The Maiandros valley runs from southern Phrygia, on the borders with Lykaonia, through Apamea Kelainai, along the northern parts of Pisidia and Lykia, near the southeastern origin of the Hermos valley, and gathering further west the northern ends of the Karian valleys before opening into the river's mouth near Magnesia, Miletus, and Mykale. The whole region was once part of greater Lydia, but in the Hellenistic period was home to Karians, Ionians, Lydians, Phrygians, Pisidians, and others. While these all retained some sense of local identity and inter-regional competition, their customs shared many things, even before Hellenization began its process of smoothing regional wrinkles. One thing many of these regions shared was a strong cavalry tradition.
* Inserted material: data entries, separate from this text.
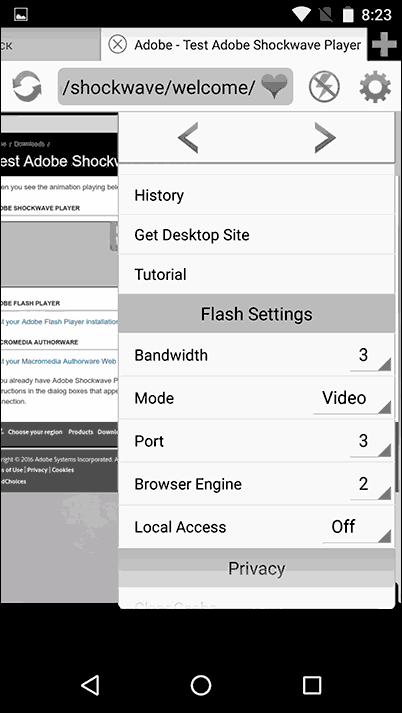 Також через Dolphin ви зможете відкрити і змінити настройки Flash для Android (викликаються запуском відповідної програми на телефоні або планшеті).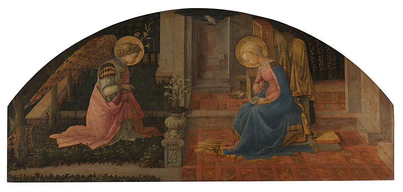 The picture comes from a palace belonging to the Medici, Florence’s ruling family at the time, where it most probably hung above a door. Below the central urn containing lilies, a symbol of Mary’s purity, is a carving of three feathers inside a diamond ring. This was an emblem adopted by several members of the Medici family.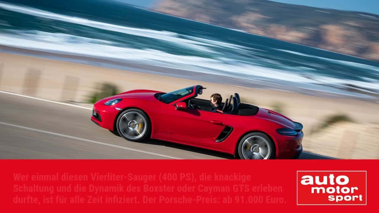 Wer einmal diesen Vierliter-Sauger, das knackig kurze Sechsganggetriebe und die Mittelmotorauslegung des 718 GTS bedienen durfte, ist für alle Zeit infiziert. Denn sowohl der offene Boxster als auch der geschlossene Cayman verkörpern den perfekten Sportwagen. Auch wenn beide marktstrategisch im Schatten der 911er stehen – ihre Einfachheit und Leichtigkeit geht der dickeren 992er-Baureihe längst ab.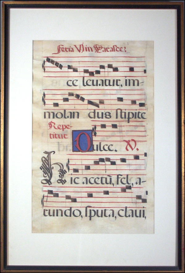 Beautiful antiphonal leaf on vellum with two large decorative initials, one in color, 14 x 22, Spain, seventeenth century. Matted and framed to an overall size of 21 x 31. In fine condition, with usual mild waviness and toning. R&R COA. Oversized.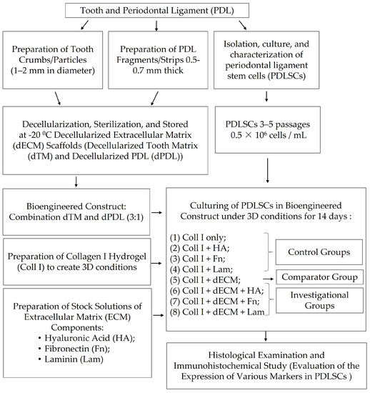 Sample collection was performed after obtaining written informed consent. A total of 1–3 molars that were free from caries and restorations were randomly collected from patients aged from 18 to 25 years under the approved guidelines set by the Ethics Committee of the A.I. Evdokimov Moscow State University of Medicine and Dentistry (protocol code 03/20 from 18 March 2020). The tooth particles and the PDL strips were prepared according to the procedures previously described [29]. Briefly, the tissues of the PDL were separated from the surface of the middle third of the tooth root under aseptic conditions. Strips 0.5–0.7 mm thick were cut and stored at −20 °C. The teeth were then washed with chlorhexidine. The teeth were sectioned at the cementum–enamel junction and particles (from 1 to 2 mm) were formed from the remaining tooth roots using an electric mill (Bosch MKM 6000, Görlingen, Germany). Quality control of samples was carried out through a dental microscope (Seiler, St. Louis, MO, USA) at a magnification of ×8.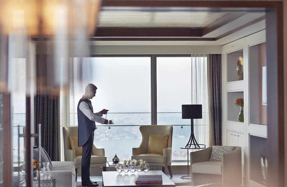 Виды на Босфор, Принцевы острова и старый город, открывающиеся из отеля, по красоте не имеют себе равных. Удобное расположение, близость к историческим достопримечательностям и ведущим бутикам мира торгового и культурного центра Zorlu, возможность посещать элитные рестораны и легендарный сервис батлеров делают отель самым востребованным в Стамбуле.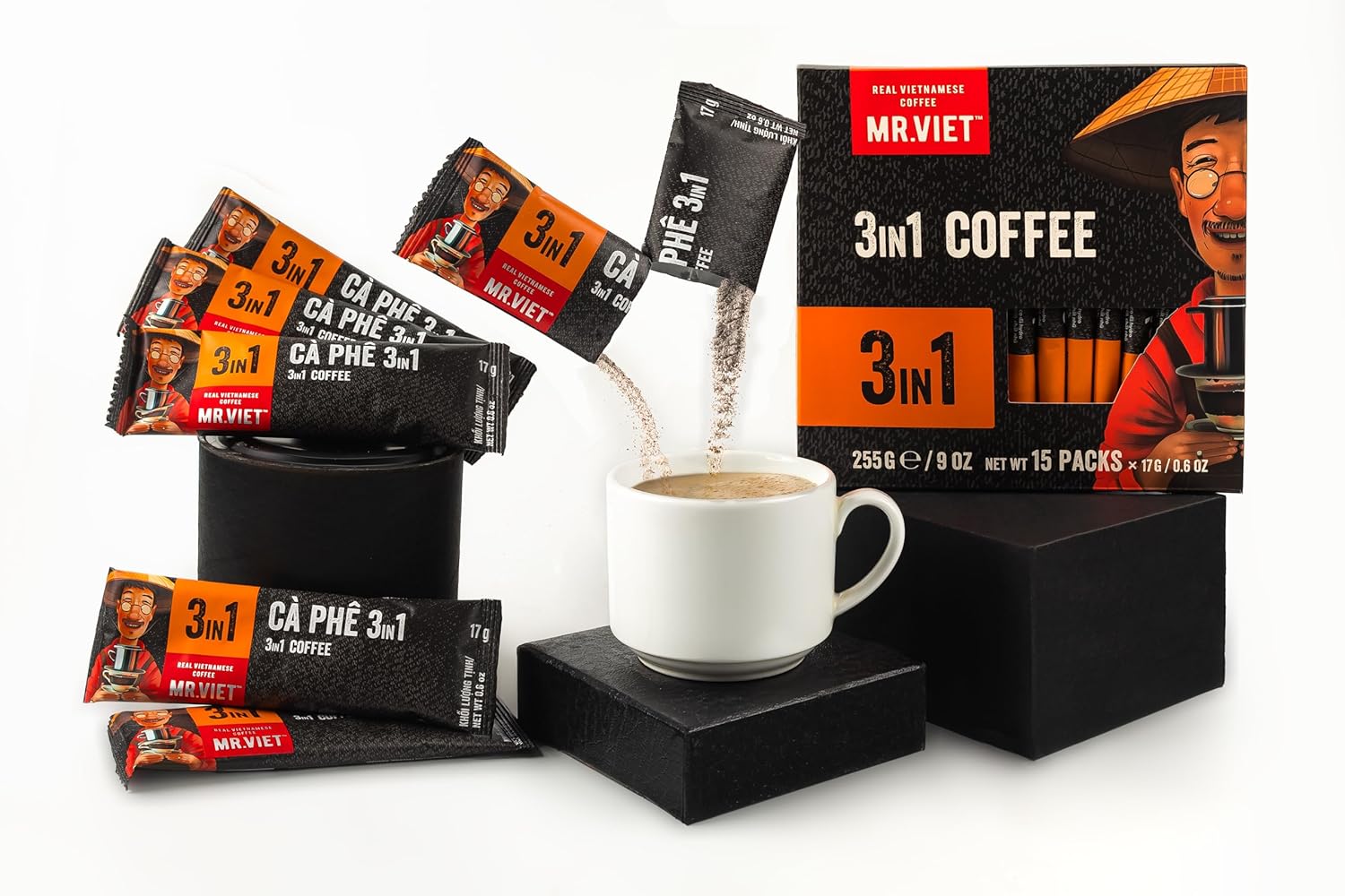 Mr.Viet 三合一速溶咖啡,采用正宗越南咖啡、奶油和糖。完美混合,方便您享用,这款多合一速溶咖啡能让您品尝到一杯真正美味、令人满足的正宗越南咖啡。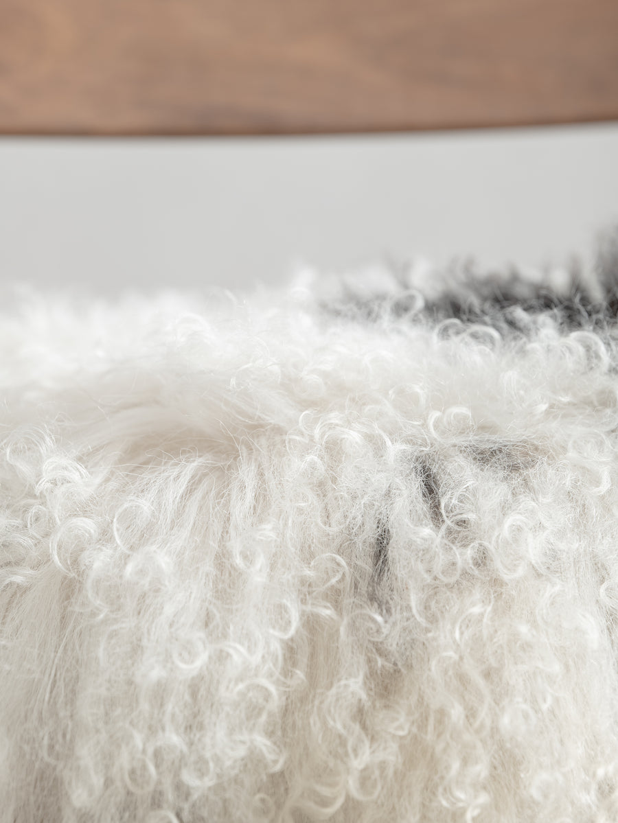 This Easy Chair features a natural material, sheepskin, resulting in unique variations in color for each individual chair. The natural base is a mix of browns and blacks, providing a beautiful variegated effect.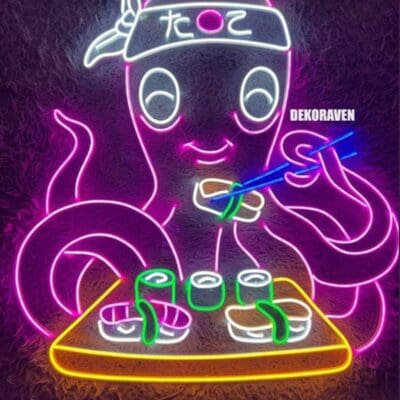 Sushi Yiyen Ahtapot Neon Led Tabela Dekoratif Aydınlatma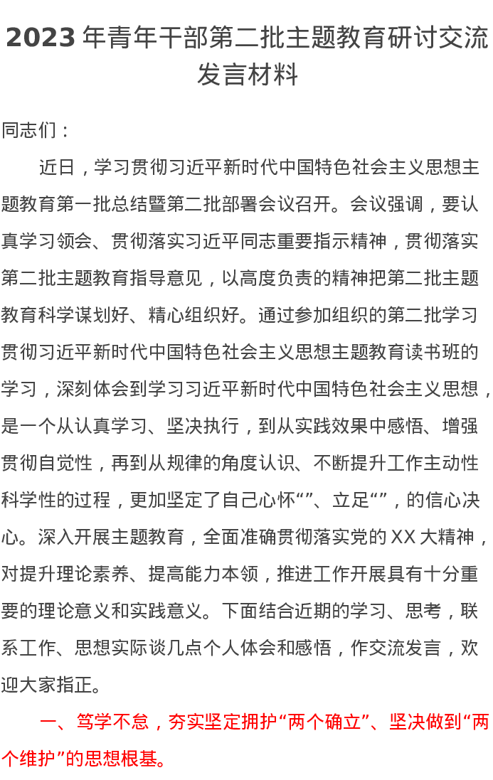 2023年青年干部第二批主题教育研讨交流发言材料(特色社会主义思想)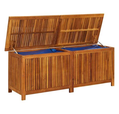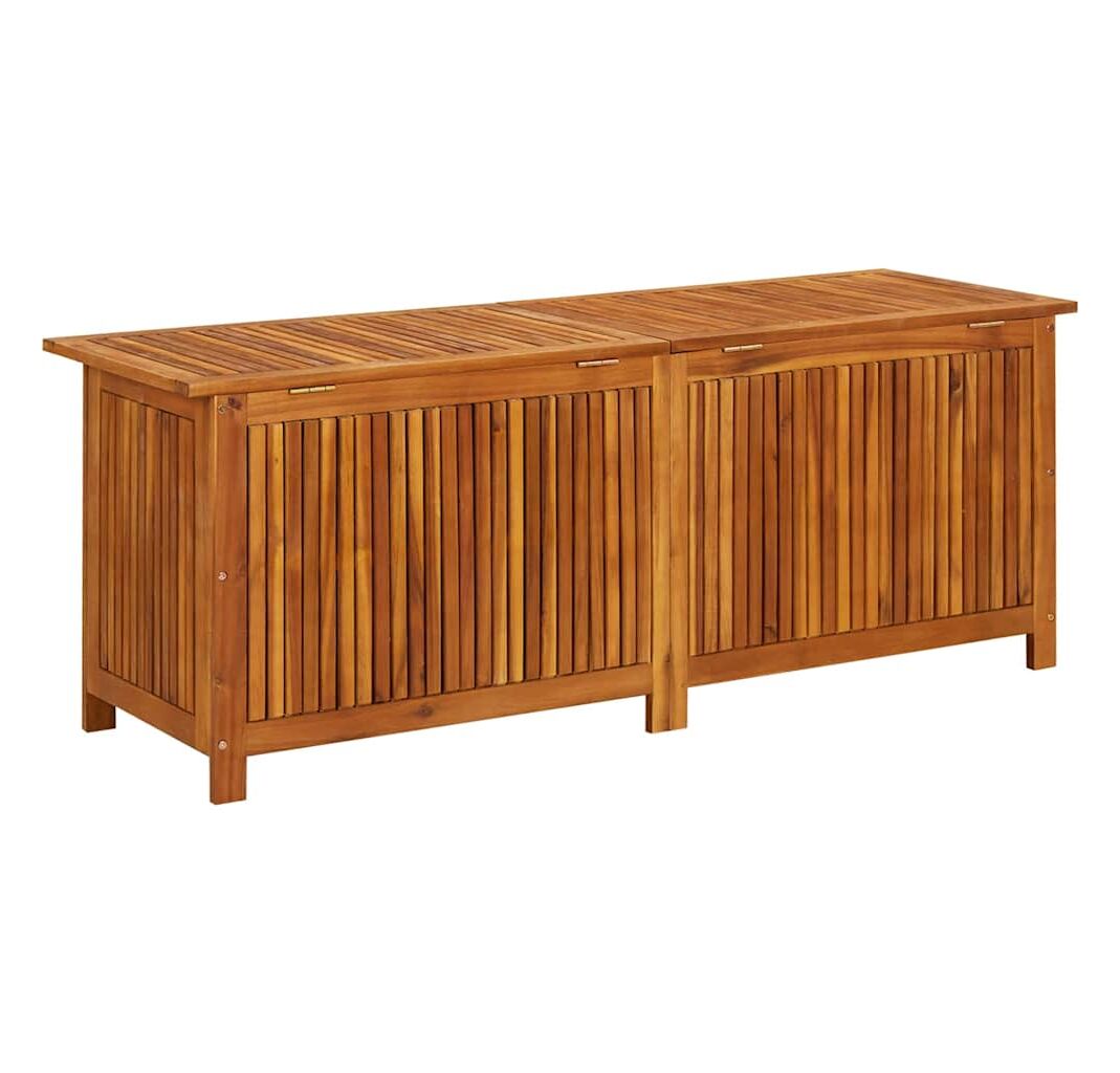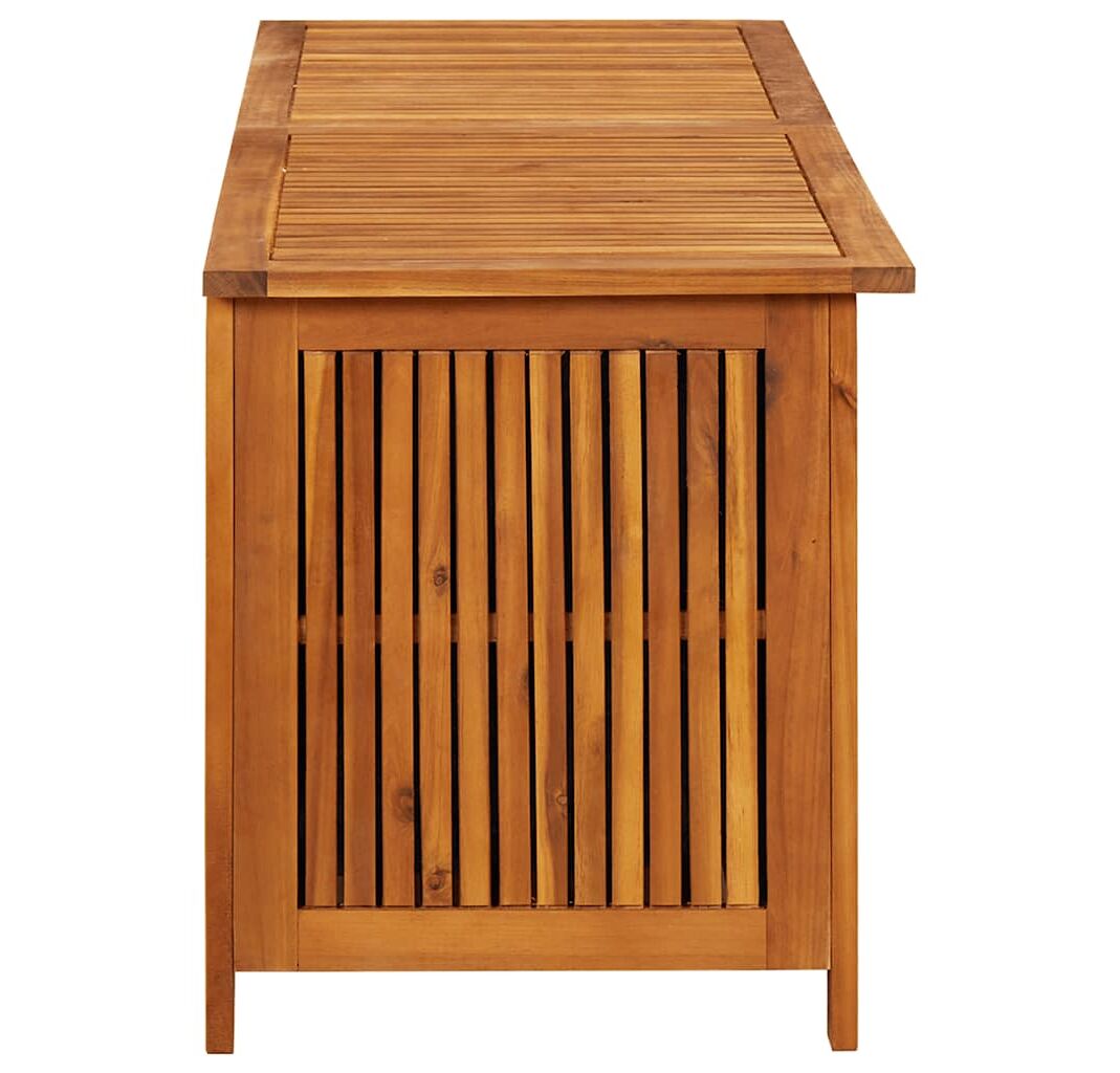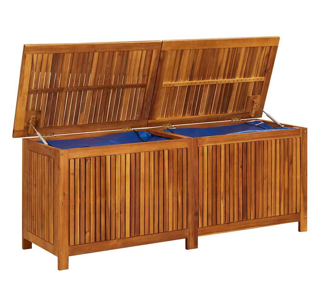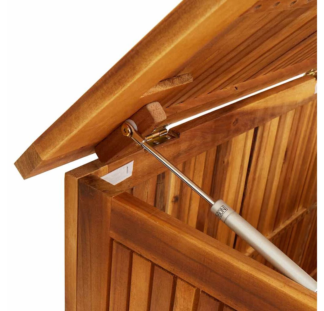 Cutia de perne este realizată din lemn masiv de acacia cu finisaj de ulei și include un sac rezistent la apă în interior cu fermoar, ceea ce o face rezistentă la uzură, foarte durabilă și potrivită pentru utilizare în spațiul exterior. De asemenea, reprezintă o soluție ideală de depozitare pentru perne, pernuțe decorative, pături suplimentare sau alte articole de uz casnic ori de grădină, pentru a le păstra la îndemână și bine organizate.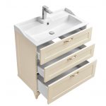 Вместительная тумба под раковину Леон 80 H от бренда AQUATON в благородной отделке бежевый дуб создана для любителей классического дизайна, но при этом предпочитающих современные материалы. Данная модель поможет максимально эффективно организовать пространство ванной комнаты благодаря трём ящикам, позволяющим разместить все необходимое. Встроенная система плавного выдвижения и доводчики обеспечивают исключительное удобство при пользовании. Корпус и фасады выполнены из высококачественной МДФ, покрытой матовой пленкой с фактурой под натуральное дерево. Классическую эстетику модели на ножках подчеркивают изящные ручки от европейского производителя.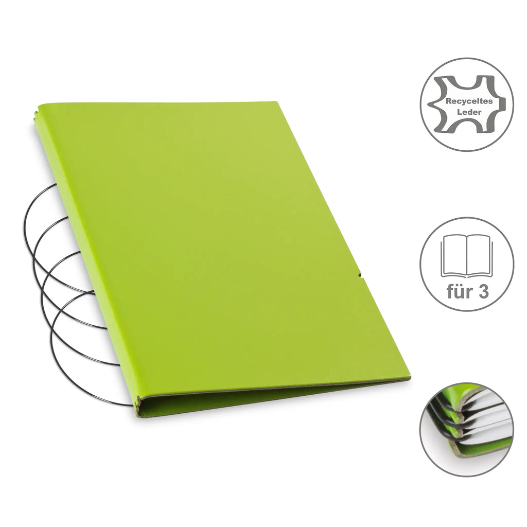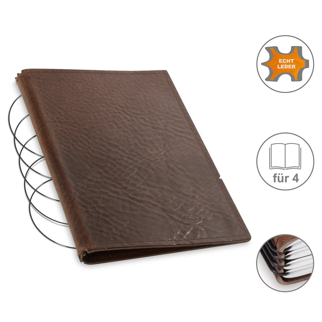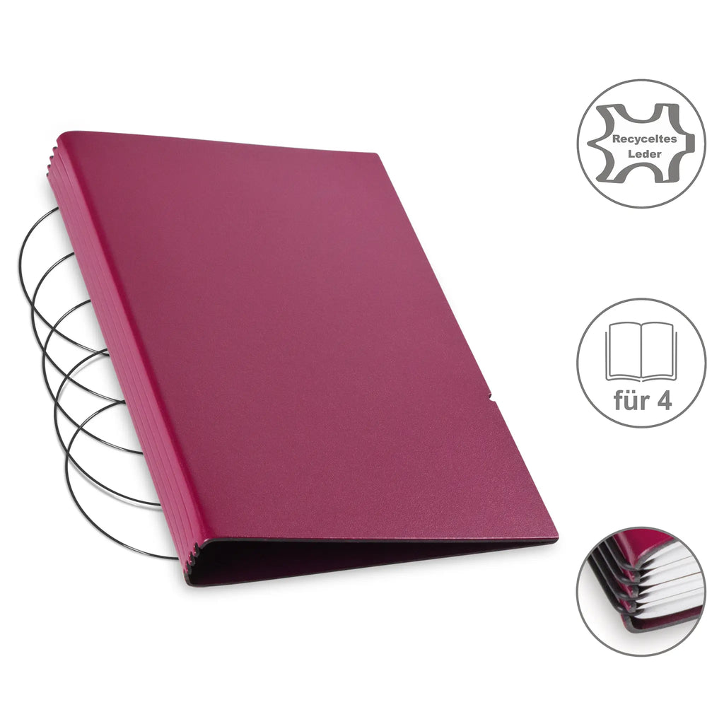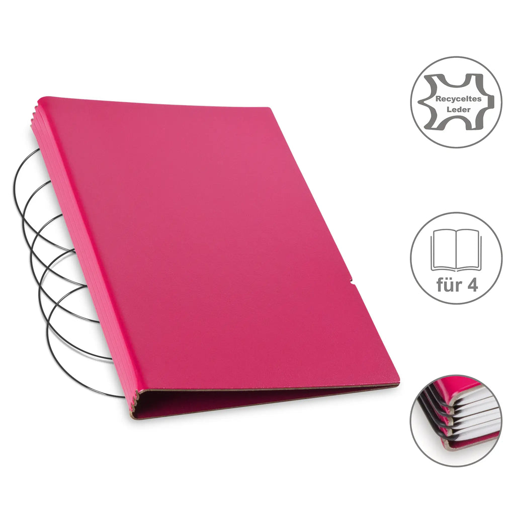 Diese nachhaltige A5 Hülle aus Leder oder hochwertigem Lederfasermaterial schützt Ihre Notizen stilvoll und umweltbewusst. Dank des durchdachten Designs können Sie den Inhalt jederzeit austauschen und die Hülle lange nutzen. Im Lieferumfang sind passende schwarze ElastiXs enthalten, die für sicheren Halt sorgen und Ihre Unterlagen fest zusammenhalten. So bleibt Ihre Organisation flexibel und elegant zugleich.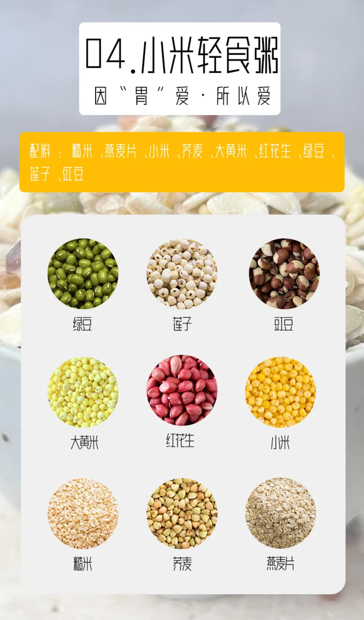 杂粮的选择很多,不过做起来也实在是麻烦,一次要买太多种食材不说,关键买多了还不一定都能吃得完。所以,在这里跟大家推荐一款均衡搭配、免挑免洗、拆包即煮的杂粮粥——天方健「食养小轻粥」。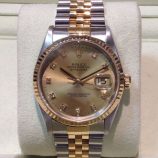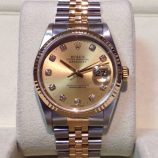 £3,599 Stock number: 12-22-013Bicolour Datejust model 16233 on Jubilee 62523 bracelet with champagne / diamond dot dial. This 2001 model is in excellent condition but we comment that the dial is a version we would expect to have seen supplied no later than perhaps the mid-1990s, so has probably been fitted to this watch later. It comes with a later Rolex box, Datejust booklet, red swing-tag and our own warranty card. The NEW equivalent is now £8,600!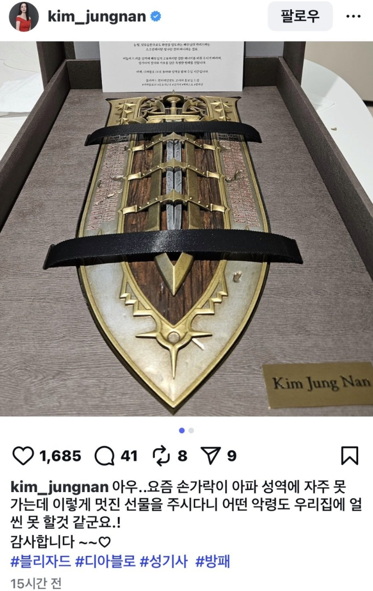 배우 김정난이 블리자드에서 받은 방패

Whereas many cavalrymen in Mysia, Hellespontine Phrygia, and Bithynia fought with shields, many in the south preferred lancers, although both panoplies could be found throughout the region. The lancer cavalry tradition in the south, in and around the Maiandros valley, was likely fueled by the citizen cultures that developed in those areas during the Hellenistic period. While some cities in the region were host to Successor garrisons or even settlers, those imposed institutions generally did little to disrupt internal autonomy or the development (or retention) of strong local military traditions. From Kibyra in the Kabalia to Synnada near Galatia to Tralleis and Magnesia upon the Maiandros, the Hellenizing populations of southern Asia Minor built strong, often aristocratic, citizenries, and horsemanship accompanied those developments. Funerary stelai in many places attest the service, both to state and to the Hellenistic kingdoms, of citizen cavalrymen from these many cities.
The Lydian Lancers are a capable offensive element, best used for frontal shock on loose-order infantry, even formidable Galatians, for flanking attacks against engaged infantry, or to drive less capable cavalry from the field. A wise general might also use them to screen movements, cover withdrawing contingents, or follow up a routing foe.